_Directions for this task_
Among the lines below, the one containing "in oro bianco" opens the range and the one containing "近日,第二届(深圳)国际海报" closes it. Print that range exactly, without the pictures.

═══ Record set ═══

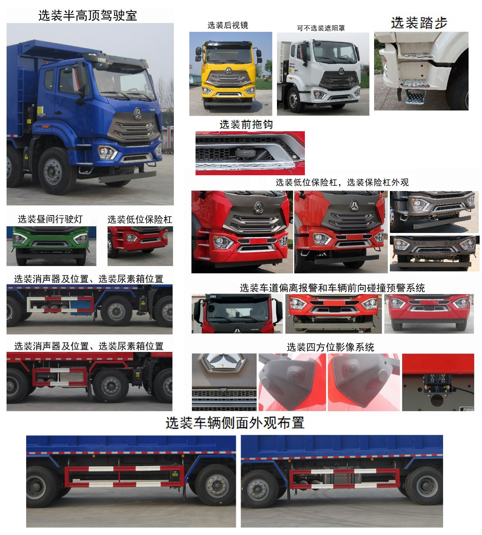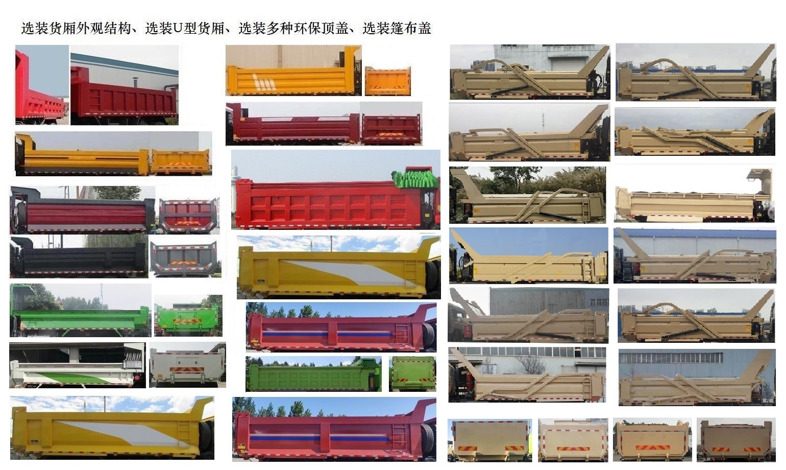 | 备注 | 该车选装半高顶驾驶室时,整车高度为2800mm或3550mm;选装高顶驾驶室时,整车高度为3700mm。该车可选装低位保险杠。选装昼间行驶灯。选装消声器。选装消声器位置。选装尿素箱位置。该车仅选装二类底盘的1800+4600+1350,1800+4575+1400轴距。车长与轴距、后悬、货箱内长尺寸对应关系如下:11110/1800+4600+1350/1810/8200,11110/1800+4575+1400/1785/8200,11310/1800+4600+1350/2010/8500,11310/1800+4575+1400/1985/8500。货箱自卸方式为后卸。该车可选装不同的货箱结构。选装U型箱, U型箱侧裙板为选装件。选装多种环保顶盖结构(包括篷布盖)。货箱上前伸的帽檐可取消。该车装MC09.35-60、MC09.35B-60、MC09.38-60、MC11.40-60、MC11.44-60、WP10H400E62发动机对应的油耗申报值均为40.5L/100km。侧面防护装置所用材料材质为Q235A,连接方式为螺栓连接;后部防护装置所用材料材质为Q235B,连接方式为螺栓连接,断面尺寸为120mm×120mm,离地高度为480mm。ABS系统型号为446 004 6300,ABS生产企业为威伯科汽车控制系统(中国)有限公司。安装具有卫星定位功能的行驶记录仪。 | ||
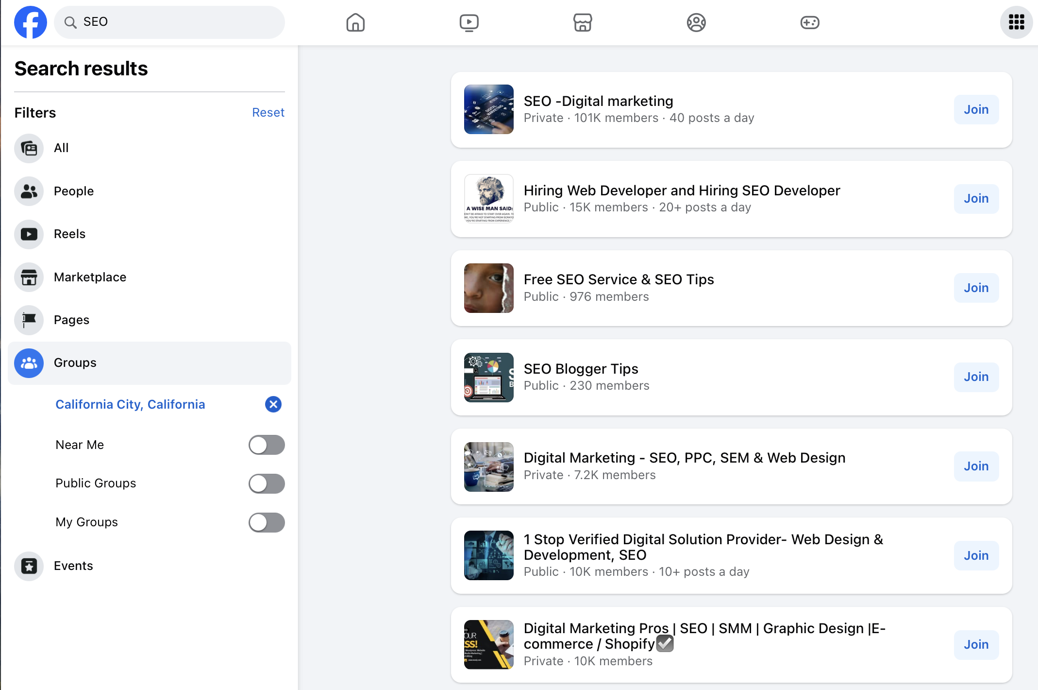 Facebook може слугувати чудовою, менш офіційною альтернативою LinkedIn, особливо групам Facebook, які залишаються популярними для професійного спілкування. Ви можете додати ключові слова, пов’язані з вашим інтересом або галуззю, у Facebook, а потім клацнути у групах і фільтрувати результати відповідно до вашого місцезнаходження.
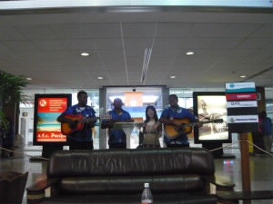 4月30日(金曜日) 左:朝ごはん〜。 左下:ナンディ空港に8:35着 右下:歓迎の歌を歌う楽団メンバーと一緒に。 |
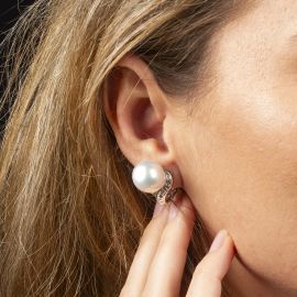 in oro bianco 18kt, con perle South Sea di mm 15x13, circondate da diamanti taglio carrè per ct. 1.50 circa, chiusura a clip, lungh.cm 2.5, gr. 17, punzone 750.
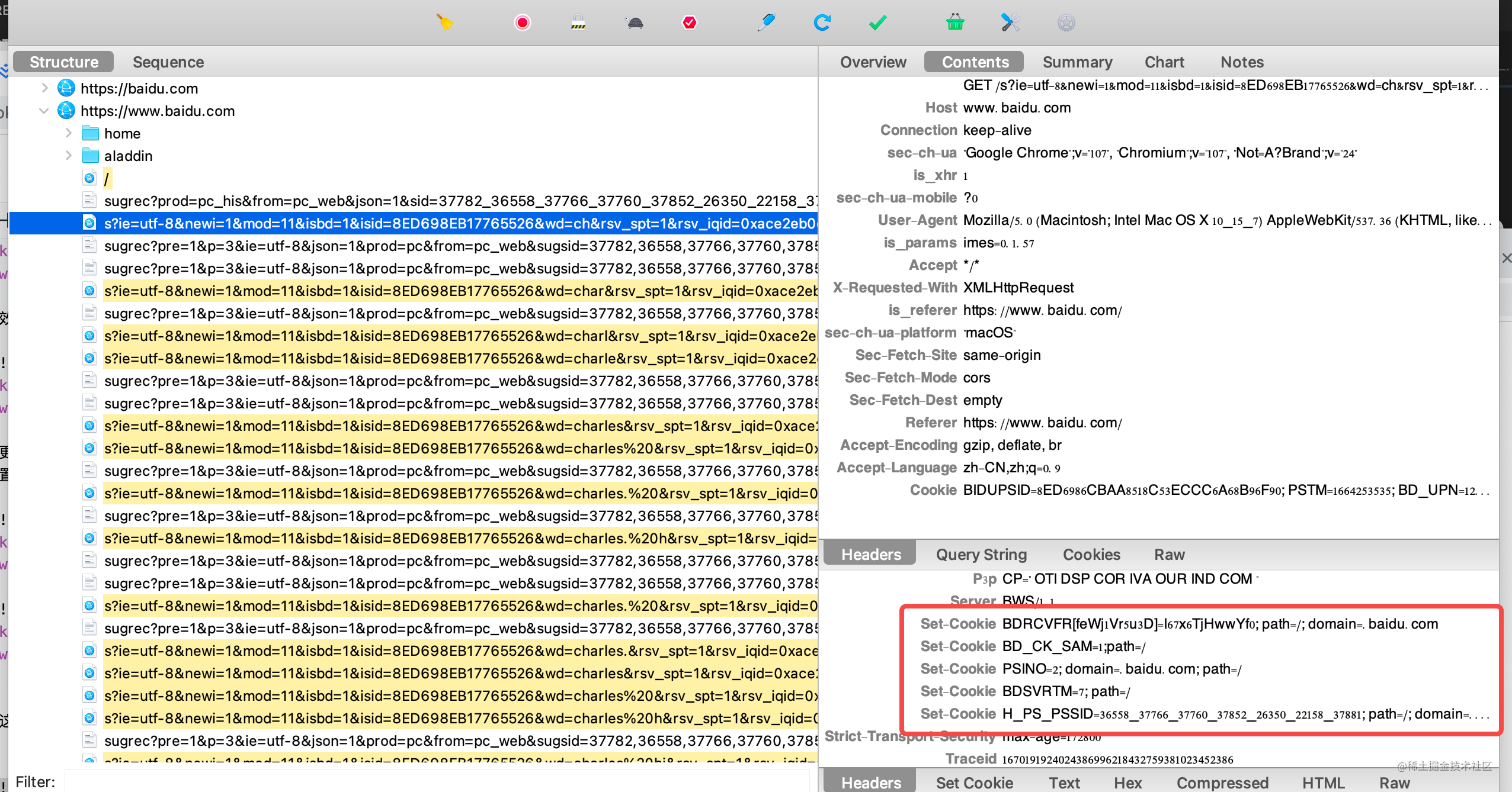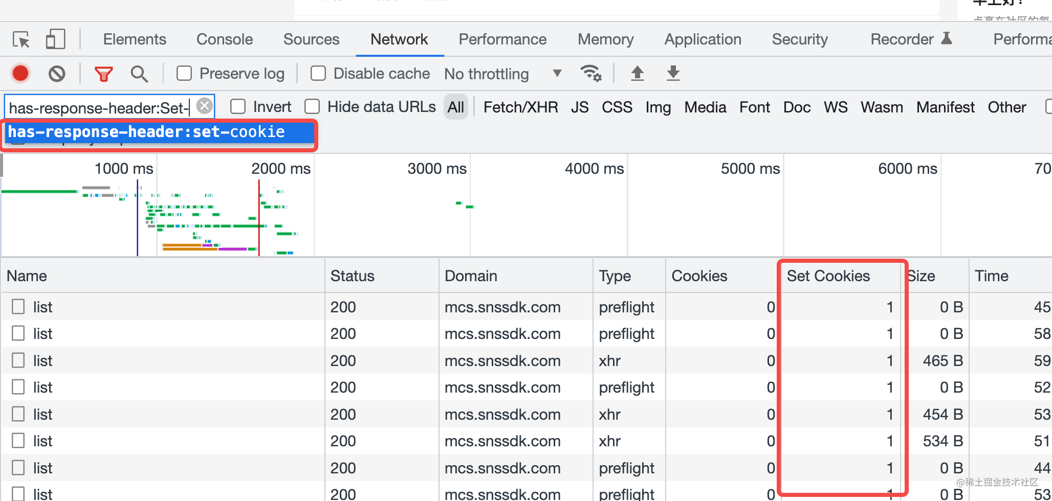 这样所有响应有 Set-Cookie 的 header 的请求都高亮了:
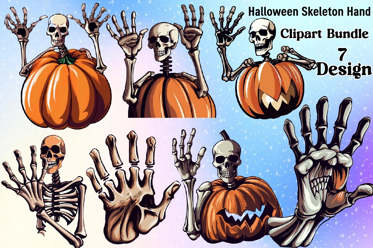 Watercolor Halloween Skeleton Sublimation Design Bundle
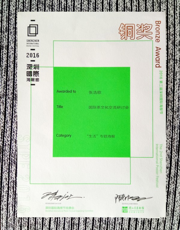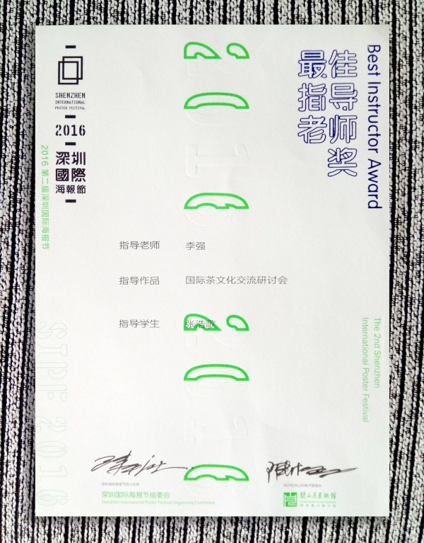 近日,第二届(深圳)国际海报设计比赛组委会传来喜讯,我校美术与设计学院14级视觉传达设计专业海报作品《国际茶文化交流研讨会》在大赛中脱颖而出,荣获铜奖,李强老师获得最佳指导老师奖。
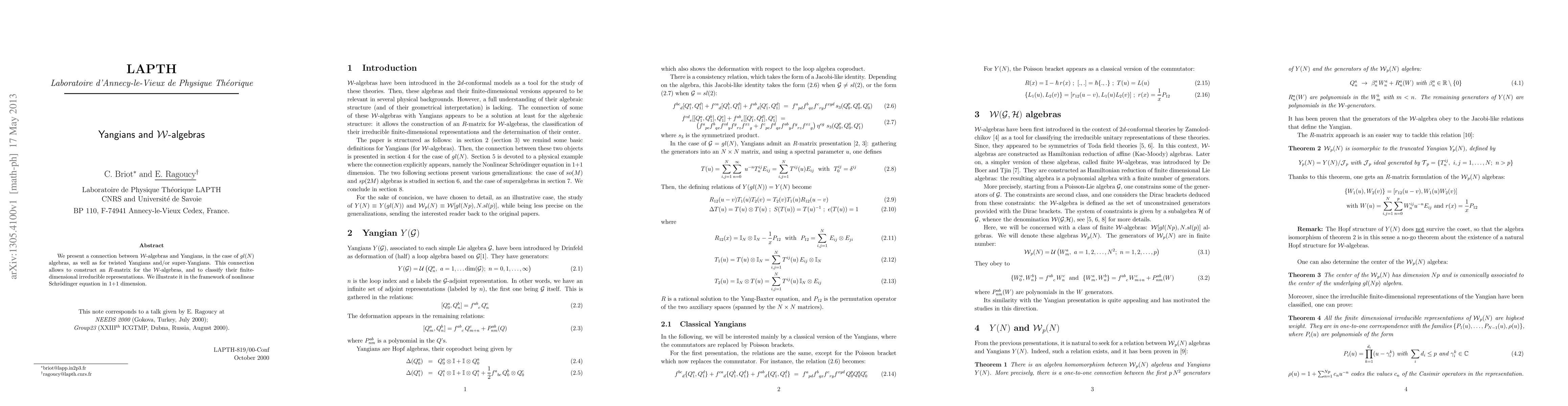 We present a connection between W-algebras and Yangians, in the case of gl(N) algebras, as well as for twisted Yangians and/or super-Yangians. This connection allows to construct an R-matrix for the W-algebras, and to classify their finite-dimensional irreducible representations. We illustrate it in the framework of nonlinear Schroedinger equation in 1+1 dimension.
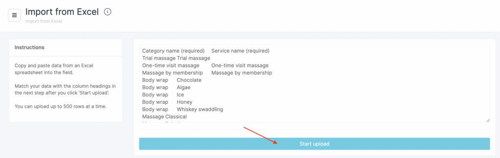 4. Paste the data from the Excel table into the input field and click Import. You can import no more than 500 rows of the table at a time.
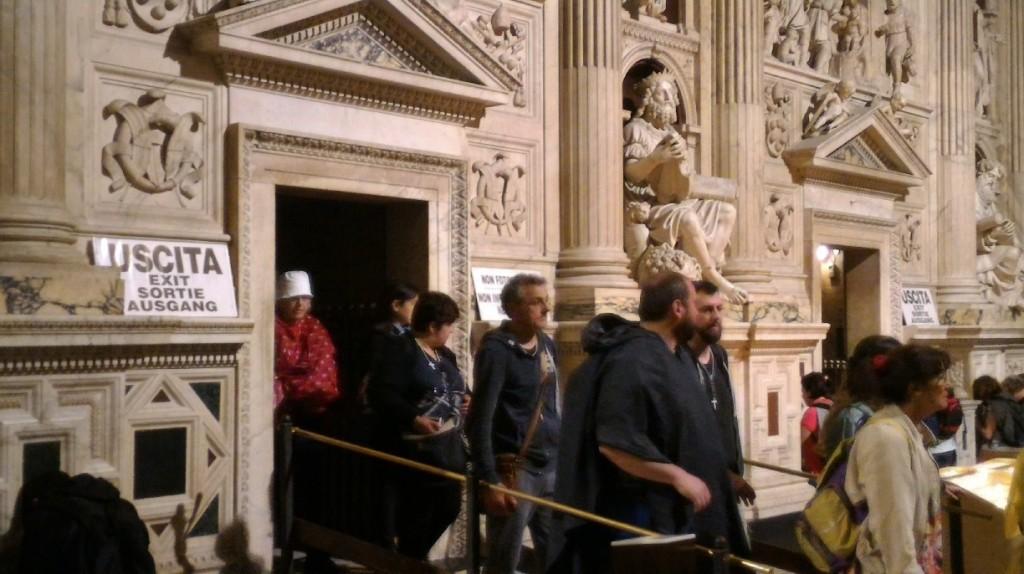 Qui musica e in fila per visitare la Santa casa, aspettando che la piazza accolga le decine di migliaia di pellegrini e la statua della Madonna nera a chiudere il corteo. L’afflusso durerà quasi due ore.
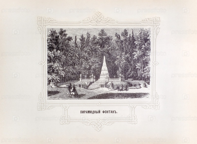 Книга 1868 года 'Описание Петергофа', автор Александр Гейрот. Гравюра 'Пирамидный фонтан'

═══

_Answer section_
 in oro bianco 18kt, con perle South Sea di mm 15x13, circondate da diamanti taglio carrè per ct. 1.50 circa, chiusura a clip, lungh.cm 2.5, gr. 17, punzone 750.
 这样所有响应有 Set-Cookie 的 header 的请求都高亮了:
 Watercolor Halloween Skeleton Sublimation Design Bundle
 近日,第二届(深圳)国际海报设计比赛组委会传来喜讯,我校美术与设计学院14级视觉传达设计专业海报作品《国际茶文化交流研讨会》在大赛中脱颖而出,荣获铜奖,李强老师获得最佳指导老师奖。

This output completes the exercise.